しかり、しかり。だが、それは罪に打ち勝つ道ではないではないだろうか。かりに、ワーテルローの戦いが今まさに始まろうとしているところだとしよう。ここにひとりの兵士がいて、勝利を得たいと願っている。そこで彼は逐電し、――ブリュッセルへと逃げて行き、ある地下室に身を隠すというのである! 彼は、その日の英雄たちのひとりとして数えられるだろうか? 否。兄弟たち。そして、もしこの世に何か打ち勝つべき罪があるとしたら、このように云う人は全く信用されないはずである。「私は、この世から離れたどこかに身を隠すことにしよう」。しかり、しかり。私の兄弟よ。神があなたに供された運命を受け入れるがいい。神の兵士たちの隊伍に位置を占めるがいい。そして、いかなる誘惑がやって来ようと、あなたをつまずかないように守ることができるお方を仰ぎ見るがいい。だが、夢にも逃げ出そうとしてはならない。それは、つまずきの道、戦いが始まる前から記念碑におさまることだからである。神のほか何者もあなたを守れない。あなたの好むいかなる教会に加わろうと、また、つば広の帽子をかぶり、「汝は」とか「汝を」とか云っていようと、また、パンを裂き、神の恵みの福音のほか何も説教しない人々とともに集会を守ろうと、また、この世に生を受けた中でも最上の人々とともに生活しようと、それでもあなたは誘惑を受けるであろう。いかなる場所や人々も、いかなる様式や習慣も、あなたをつまずかないように守ることはできない。神のほか何者にもそれはできない。

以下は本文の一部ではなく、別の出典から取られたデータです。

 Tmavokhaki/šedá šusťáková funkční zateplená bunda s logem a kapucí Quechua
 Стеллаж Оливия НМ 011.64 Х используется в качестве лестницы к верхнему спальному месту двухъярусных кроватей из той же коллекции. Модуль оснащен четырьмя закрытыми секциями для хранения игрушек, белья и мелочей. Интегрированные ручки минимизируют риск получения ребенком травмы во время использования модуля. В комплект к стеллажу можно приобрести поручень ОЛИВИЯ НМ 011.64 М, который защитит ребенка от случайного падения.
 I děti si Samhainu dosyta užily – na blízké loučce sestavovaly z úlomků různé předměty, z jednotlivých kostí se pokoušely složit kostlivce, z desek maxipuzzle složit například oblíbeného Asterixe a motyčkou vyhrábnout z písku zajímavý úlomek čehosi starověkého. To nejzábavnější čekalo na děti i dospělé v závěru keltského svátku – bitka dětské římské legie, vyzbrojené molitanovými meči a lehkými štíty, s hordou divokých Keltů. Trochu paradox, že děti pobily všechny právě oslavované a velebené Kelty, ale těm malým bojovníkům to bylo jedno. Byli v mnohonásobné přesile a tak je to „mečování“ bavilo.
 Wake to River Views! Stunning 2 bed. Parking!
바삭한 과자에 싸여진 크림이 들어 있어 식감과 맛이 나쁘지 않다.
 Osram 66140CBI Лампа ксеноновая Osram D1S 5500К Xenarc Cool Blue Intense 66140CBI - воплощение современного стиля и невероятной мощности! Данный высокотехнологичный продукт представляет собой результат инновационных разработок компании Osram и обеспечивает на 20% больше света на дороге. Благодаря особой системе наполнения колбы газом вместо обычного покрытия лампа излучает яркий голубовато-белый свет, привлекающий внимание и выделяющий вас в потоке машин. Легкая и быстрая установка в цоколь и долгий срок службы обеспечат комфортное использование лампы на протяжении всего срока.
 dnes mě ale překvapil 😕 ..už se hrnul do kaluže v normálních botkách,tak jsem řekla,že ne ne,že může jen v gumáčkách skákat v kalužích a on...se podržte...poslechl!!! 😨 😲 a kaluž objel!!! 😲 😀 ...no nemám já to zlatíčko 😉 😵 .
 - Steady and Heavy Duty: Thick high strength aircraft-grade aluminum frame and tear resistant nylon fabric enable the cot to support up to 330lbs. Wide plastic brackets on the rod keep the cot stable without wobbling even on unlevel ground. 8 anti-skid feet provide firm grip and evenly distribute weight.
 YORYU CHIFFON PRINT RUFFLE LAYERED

 しかし、ここにあわれみがある。神には、それがおできになる。ユダの頌栄がそれをいかに云い表わしているか注意するがいい。「私たちの救い主である唯一賢き神」<英欽定訳>。神だけが賢いお方であるがゆえに、神だけが私たちをつまずくことがないように守ることがおできになるのである。そのため神は、私たちに真理を教え、隠れた罪を警告し、その摂理によって導いてくださる。時として、神は誘惑を私たちから遠ざけ、別の時には、誘惑が私たちのもとにやって来るのをお許しになる。それは、それに打ち勝つことによって、私たちが強くされ、別の誘惑に立ち向かえるになるためである。往々にして、神は私たちを誘惑から救い出すために、患難が私たちのもとにやって来るようにされる。多くの人が罪に陥ることから守られてきたのは、病床に横たわっていたからであった。目を失っていなかったとしたら、そうした人々は空しいものに目を留めていたであろう。その骨が折れていなかったとしたら、不敬虔の道をひた走っていたことであろう。私たちは、自分がつまずかないように保つ、いかに多くの部分が、自分の損失や数々の十字架のおかげであったか、ほとんど分かっていない。聖ポール大寺院の丸天井画を描いた、ジェームズ・ソーンヒル卿の物語は、おそらくあなたも良くご存知だろう。彼は、ある区画を描き終えたとき、それを良く見ようとして一歩ずつ後ろに下がった。そして、足場のほとんど端に達してしまい、もう一歩で転落せんばかりとなった。だが、ひとりの友人が、彼の危険を見てとって、賢明にも彼の絵筆の一本をつかむと、その絵にいきなり絵の具を塗りつけたのである。この画家は、かんかんになって、自分の絵を守ろうとして突進してきた。そして、自分自身のいのちが救われた。私たちはみな人生を描いてきた。何と麗しい絵を描き出してきたことであろう。そして、それを嘆賞する内に、私たちは遠く後ずさりし、さらにずっと神と安全さから遠ざかり、危険な誘惑へと一歩また一歩と近づいていった。そのとき、なぜかはほとんど分からなかったが、前進して救われた。神が、私たちをつまずかないよう守るため、私たちのもとに苦難を送られたのである。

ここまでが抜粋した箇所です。